North by NorthWest

by Alden Cole on December 15, 2013 · 0 comments

NbyNWWPfrom the Inside, Looking Out series: oil on canvas, 22″ x 34″   $748

Summer Solstice 2013. Late last winter I cut up the last of some linen yardage acquired a year ago, enough to stretch four same-size canvases – 22″ x 34″ – on heavy duty stretchers. The ritual of transforming raw canvas into a surface suitable for painting has held a fascination for me from the very first time I stretched, glued, and primed linen onto a stretcher. It’s alchemy; part of the magic of making pictures for me. With the coming of spring, I mass prepared the four  canvases, though I had no clear idea as to what visuals would eventually grace them. Landscapes? Cityscapes? Realms of the Imagination or the Real World outside these windows to my soul? That would reveal itself in time.

Starting at the very beginning of the process, with the cutting of the linen yardage to a required size, there’s a wonderful sense of building something special, that continues through the processes of stretching the linen onto stretchers (I prefer the modern convenience of using a staple gun, to nailing with hammer and tacks), sizing the linen with rabbit skin glue (still my preference, despite advances with plastics) which transforms the slightly-slack stretched linen (no matter how good a job you do with the stretching) into a rigid surface that you can really bang on. In fact you have just created a virtual “drum,” rectangular in shape, whose sound is incredibly satisfying. Next, a light sanding to achieve the correct “hand” and then the priming. Whether you use white, which makes glazed color shimmer with light, or use a toned primer from which to extract your lights and lay in your darks, it’s the last stage before “show time.” Or perhaps I should say “performance” time – the getting down to actually painting, rather than just thinking about it.

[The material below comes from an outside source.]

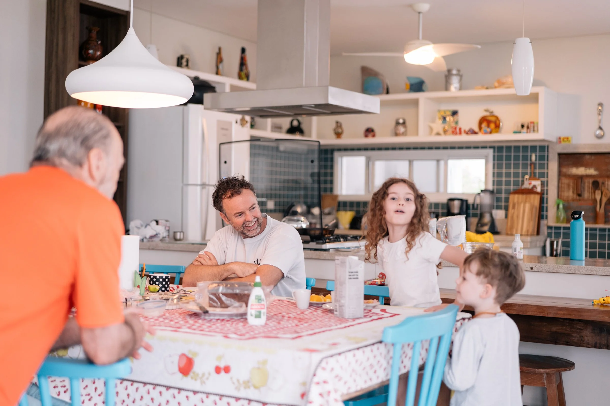 Dos momentos da tão aguardada chegada de Ba, Beto, Pedro e Ana.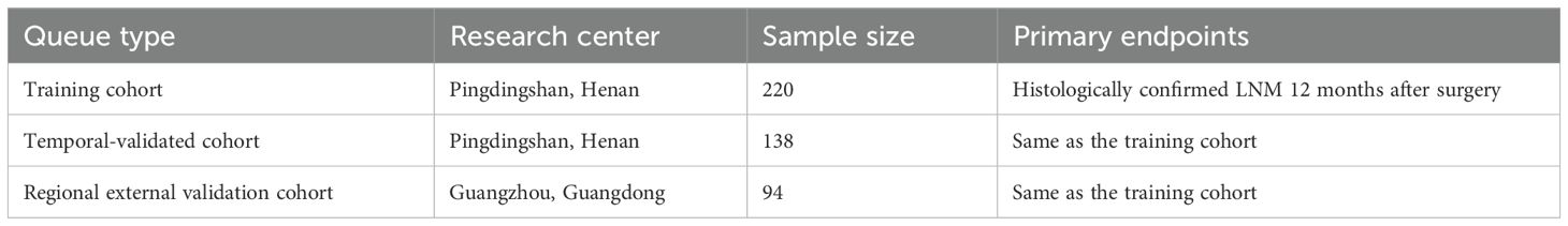 We implemented a prospective three-cohort validation framework (training, temporal validation, and regional validation) compliant with TRIPOD-AI type 2b guidelines to ensure methodological rigor (26). Consecutive patients with histologically confirmed ESCC undergoing R0 resection [IC-SNE 2024 criteria (27)] between March 2022 and June 2024 were enrolled from the General Hospital of China Pingmei Shenma Medical Group and two collaborating tertiary centers. The training cohort comprised 220 patients (March 2022–December 2023), followed by temporal validation (n = 138; January–April 2024) and regional external validation (n = 94; May–June 2024). Inclusion required treatment-naïve status and preoperative serum collection within 72 h; exclusions encompassed distant metastasis (M1), autoimmune diseases, or concurrent malignancies. All participants provided written informed consent under Institutional Review Board approval, with demographic and clinicopathological characteristics detailed in Table 1.

Today’s cityscape – a view from my studio windows on the third floor looking toward Center City – is actually half of a second diptych, painted in tandem with yesterday’s diptych; all four painted in a two-week period centered on my 69th birthday. Each was base-painted in a day. Details had to wait until the surface was dry enough to rework without removing prior paint, and  consumed another day or more for each. The outcome was a celebration of a significant year!  North by NorthWest was one of my entries in Picturing Prose and Poetry, the DaVinci Art Alliance’s July member show. The painting’s partner, North by NorthEast, languishes unfinished. Not having a show lined up for presenting the two paintings, as I did with yesterday’s pair, I lost the impetus to finish the fourth and last painting. On this occasion, I am all too willing to put off the tedium of tight, close-up work necessary to add significant finishing details until I have  the assurance of  showing the painting, which will inspire me to add the finishing touches to the windows, which currently have a rather ghostly, blown-out, after-the-war, after-the-deluge, appearance. The painting hangs on the wall, next to its much more finished partner. I hung it there as a reminder that says “Finish ME.” My only question: Before or After? Now or Then?